A Green Roof for San Francisco
Sourced from Domus
Salesforce Transit Center sets a new paradigm for urban design in the United States. Located in San Francisco’s Transbay District, the new transit center illustrates how a dense, downtown, transit-based development can provide a sustainable alternative to a suburban, car-focused lifestyle. The transit center was developed to consolidate operations of 11 bus systems in the Bay Area and to serve as a future rail terminus for the Caltrain commuter rail and California High Speed Rail connecting San Francisco to Los Angeles. Anticipated to serve over 45 million people annually, the transit center has become a transportation hub and catalyst for a new, vibrant, built-out Financial District in a once underdeveloped neighborhood in the city.

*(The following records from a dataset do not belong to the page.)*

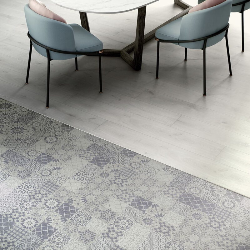 O pavimento flutuante laminado 6AQ Alfama Tile inspira-se nos azulejos tradicionais portugueses, reinterpretando o seu encanto clássico através de padrões vibrantes e de um carácter marcadamente pessoal. O acabamento Dover, com textura de pedra, enfatiza a profundidade gráfica e intensifica o realismo visual da superfície.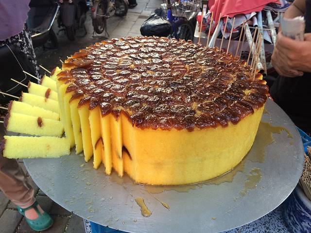 走到头左转是大皮院,再走到头再左转是北广济街,中间和大皮院平行的是西羊市,在北广济街西边是大学习巷,基本上所有的好吃的都集中在这五条街道上了,玫瑰镜糕。5元一条,玫瑰酱就是味道太甜了,感觉还行
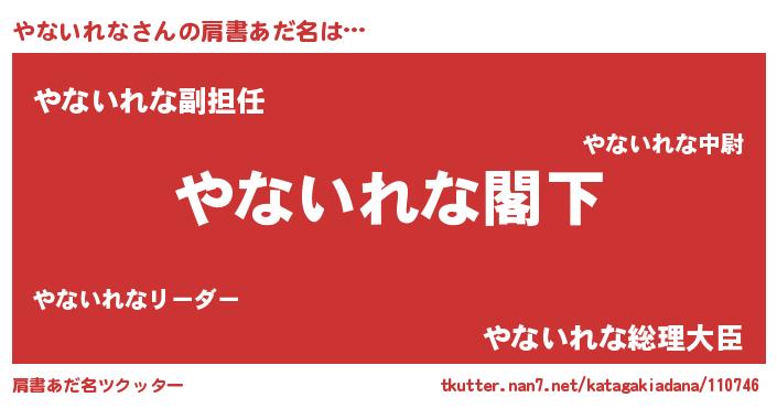 | 女子向けラノベタイトル風あだ名 | 『やないれななんてお断りですっ。』 |

Connecting neighboring city districts
The old Transbay District became encircled by a large, elevated ramp that led from the Bay Bridge to the original 1939 Transbay Bus Terminal. The ramp enclosed the transit center from the surrounding blocks and stifled neighborhood growth. Its removal in 2010, before construction of the transit center, gave the design team an opportunity to reinvent and restore the neighborhood into a vibrant, mixed-use one.
Humanizing infrastructure
At its essence, the 1.5 million square feet facility is a large-scale piece of infrastructure designed to accommodate multiple transportation modes. Humanizing infrastructure became the critical design challenge to create a functional yet visually appealing cornerstone for community building and socio- economic development. Given the complexity of the site and scale of the project, the design team provided solutions that demonstrated ways that large-scale infrastructure projects can be humanized, making it open, friendly, supportive of the public realm, and welcoming to a range of people and interests.